Ах, ну да… Авдей Алмазов — мой арт-агент, истерик и фрик, расчетливый, с аппетитом аллигатора, который неизменно твердит: «Работай, детка, а не копайся в себе и прошлом… Самокопание до добра не доведет, но!!! — Тут он обычно выдерживал многозначительную паузу, а потом, закатывая масляные глазки, заканчивал: — Если оно помогает тебе создавать коммерческие шедевры, я не против… Только не слети с катушек». Присутствуя рядом с моим «самокопанием» странной константой, Алмазов старался казаться благодетельным другом, но все его потуги выглядели неестественно и вульгарно. Он был неплохой продавец, связывающий меня с «Большой землей», поэтому с его существованием приходилось мириться и даже иногда считаться. Он несколько раз покушался на мое прошлое, конвертируя его в фантастические предложения, но я твердо стояла на своем. Все, что написано в «той» жизни, принадлежит тем, кого теперь нет.

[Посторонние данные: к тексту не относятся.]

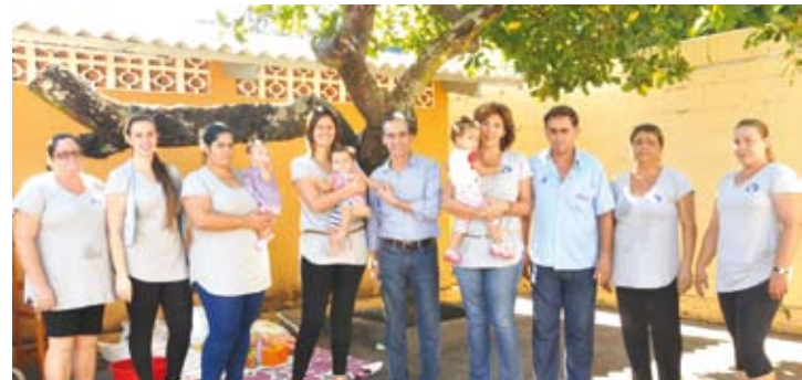
Visita ao Orfanato “Nosso Lar”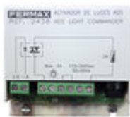
F02438 ACTIVADOR LUCES-TIMBRE VDS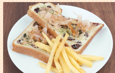
お好み焼き風トースト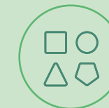
Diversitet i ledelser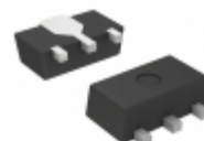
S-80860CNUA-B9LT2U SII Semiconductor Corporation IC VOLT DETECTOR 6.0V SOT89-3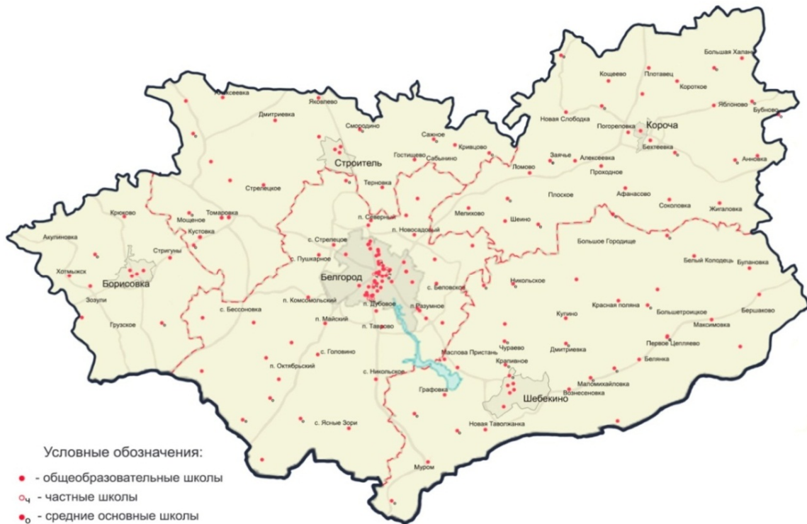
Рис. 2. Пространственное размещение общеобразовательных и средних основных школ на территории Белгородской агломерации. Сост. Буток О.В., Перькова М.В.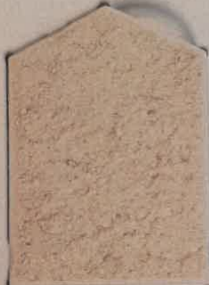
TERRE FEUTRÉE T.60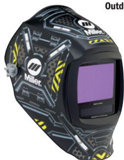
Black Ops™ 296779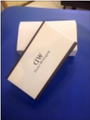
Há»™p replica DW(MS-DW1) 70.000 Vnd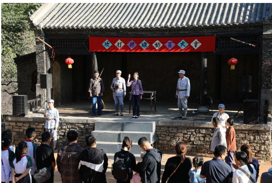
红色景区大型剧本杀活动体验现场（示例）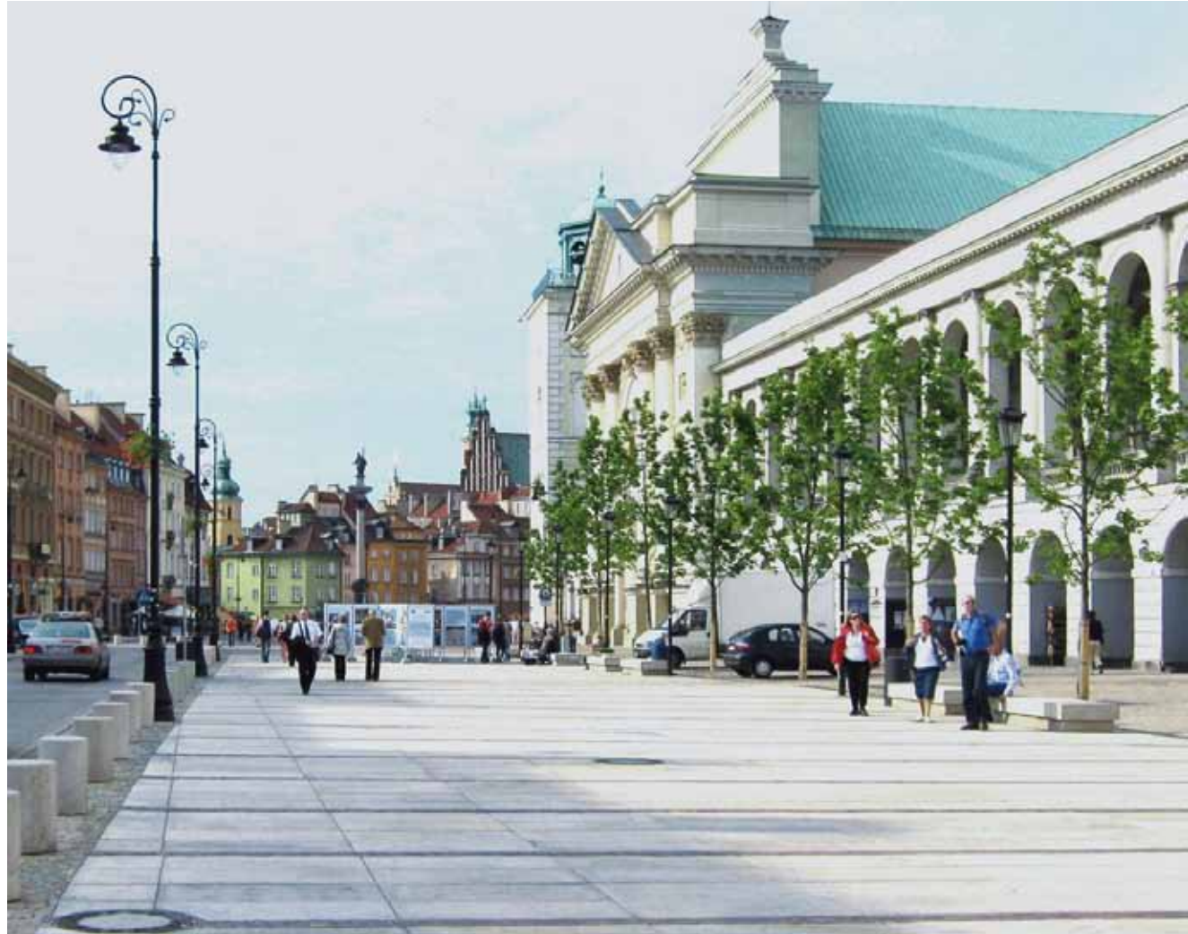
Ul. Krakowskie Przedmieście, Warszawa.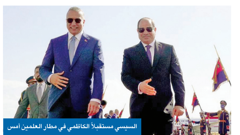
السيسي مستقبلاً الكاظمي في مطار العلمين أمس

اتفق زعماء مصر عبدالفتاح السيسي، والإمارات الشيخ محمد بن زايد، والأردن عبدالله الثاني، والبحرين حمد بن عيسى، ورئيس وزراء العراق مصطفى الكاظمي، أمس، على ضرورة تعزيز التضامن العربي، ووحدة الصف في مواجهة التحديات الأمنية التي تشهدها المنطقة العربية، فضلاً عن التركيز على ملف التعاون الاقتصادي. وكرّزت القمة الخماسية، التي شهدت للمرة الأولى مدينة العلمين الجديدة «المقر الصيفي للحكومة المصرية»، على التكامل الاقتصادي والمشاريع المشتركة في عدة مجالات في مقدمتها تشكيل لجنة لمواجهة الأزمات الاقتصادية الطارئة وإنشاء ممر تجاري عربي، وتأمين 02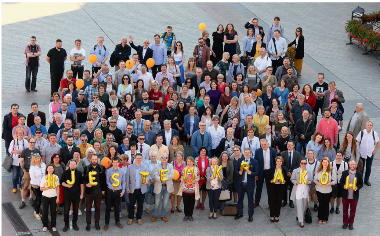
Zespół Muzeum na płycie Rynku Głównego z przewodnim hasłem jubileuszu Jestem Kraków, 3 czerwca 2019 r.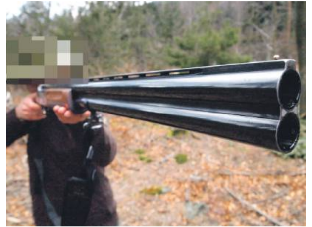
Nagonka na myśliwych powtarza się co kilka lat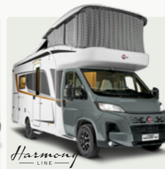
LYSEO GALLERY TD Der innovative Verwandlungskünstler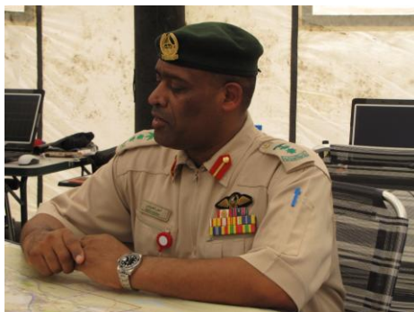
Col. Anas al Matrooshi

Ook het team van TNO gaat na ruim twee weken terug naar Nederland om de verzamelde data te verwerken.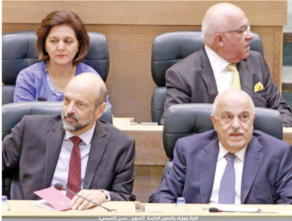
الرزاز ووزراء يتابعون الجلسة

واكدت الكلمات اهمية دعم الحكومة القطاع الزراعي والمزارعين والعمل على إيجاد اسواق للمنتجات الزراعية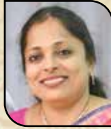
ભારતી ડોલર લોડાયા કમિટી મેમ્બર (સુથરી)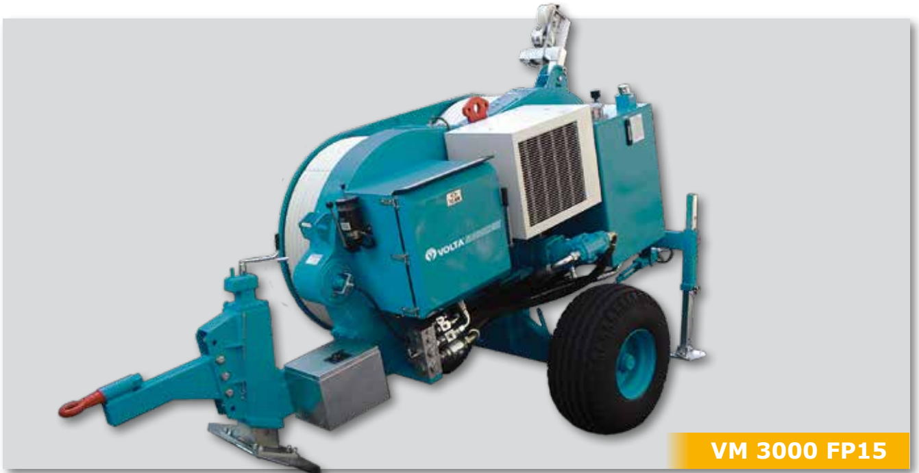
VM 3000 FP15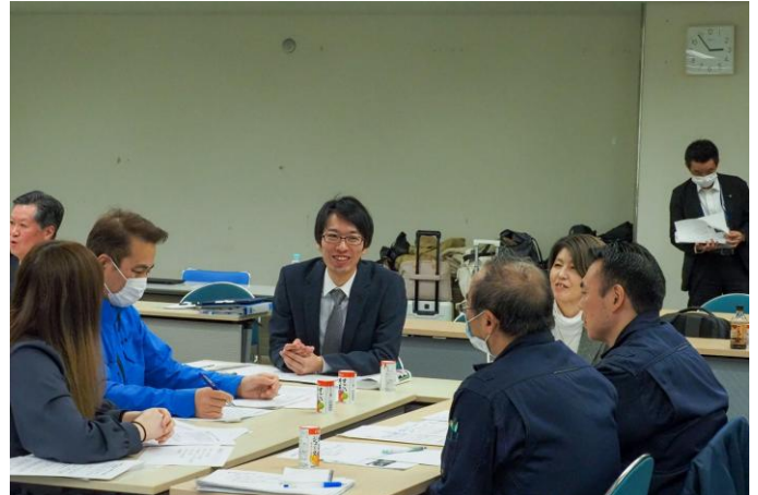
▲グループディスカッションの様子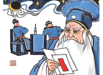
宋氏豪杰来搭救，救得异乡女子身。越衙告状击堂鼓，包揽词讼为干女。压书银子三百两，还望年兄念弟情。田伦书信被送到，要那顾读徇私情。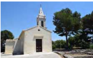
L'église de Saint-Pierre et le début de l'oppidum à droite

C'est aussi l'emplacement d'un site archéologique dont les vestiges sont connus depuis le XIXe siècle. Plusieurs campagnes de fouilles, étalées entre les années 1970 et les années 2000, ont permis de mettre en évidence une occupation continue du site depuis la Préhistoire jusque vers 50 ap. J.-C. La période gauloise reste la plus importante avec la présence d'un oppidum, une agglomération fortifiée, constituée de centaines de maisons à pièce unique, bâties en pierres et briques crues, organisées en îlots le long de rues étroites sur toute la butte, soit 1,5 hectares.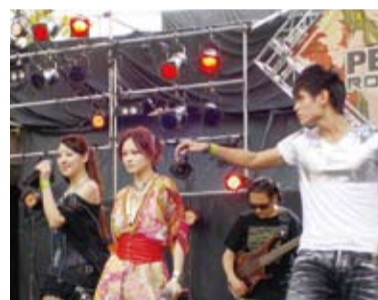
來自台灣的「Asian 4 Front」High翻會場

【本報訊】來自台灣的樂團「荒山亮+丰樂團」及「Asian 4 Front」，受到「Peaceful Love」搖滾音樂祭的邀請，於7月13日至14日參加在日本沖繩市野外科劇場舉行的搖滾音樂盛會。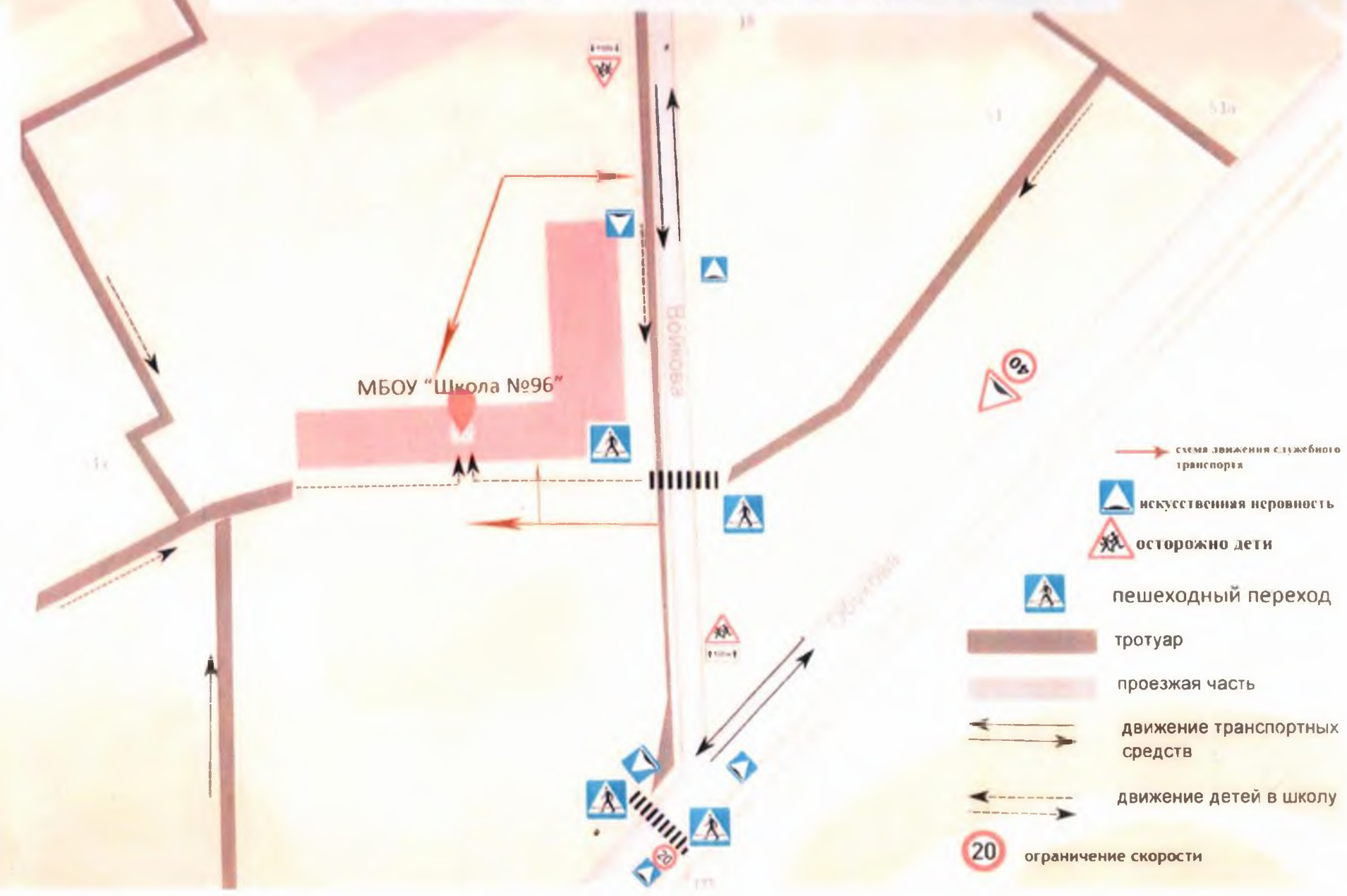
Схема организации дорожного движения и маршруты движения детей и транспорта от образовательного учреждения, маршруты движения детей и транспорта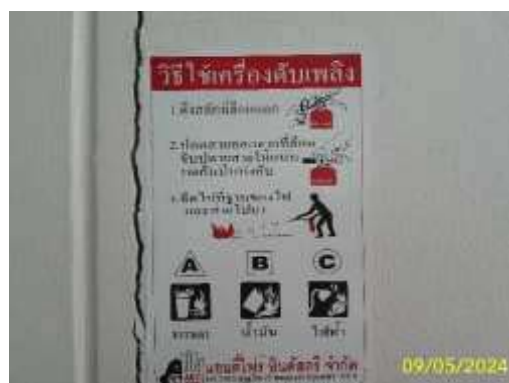
ป้ายแนะนำการใช้อุปกรณ์

Однако назойливый Авдей всегда был начеку — как только я заканчивала очередную работу, он наскоро стряпал коротенький контракт и так же наскоро продавал мои «эмоции» на сторону, заботясь лишь о своем непомерном аппетите. Иногда он приходил не один, приводил каких-то людей, похожих на себя, расхваливал им новые работы, еще не оформленные или влажные, и, как только разговор заходил о покупке, опять превращался в мумию. Вся эта суета раздражала, мешала двигаться дальше, а я торопилась. Иногда, просыпаясь среди ночи, я с ужасом оглядывала полуголые стены, которые пялились слепыми глазницами пустых квадратов. Тогда я вскакивала и быстро начинала грунтовать новые холсты, боясь пропустить и малейшего знака от тех, кто так упорно не хотел слышать.

Время лечило меня, применяя классическую методику своей терапии. Я не сопротивлялась…

@

Однажды, открыв ноутбук, я увидела на экране ледяной каток с зеркальными стенками — похоже на старую музыкальную шкатулку, только сломанную. В изумлении я смотрела сквозь равнодушное стекло, пытаясь хоть что-нибудь разглядеть. Вдруг на гладкой ледяной корке появился смешной смайлик, нарисованный теплым пальцем. Улыбнувшись, я процарапала ответ.

Face Off (20:23)

:=)

Маргарита))) (20:23)

:=) привет…)))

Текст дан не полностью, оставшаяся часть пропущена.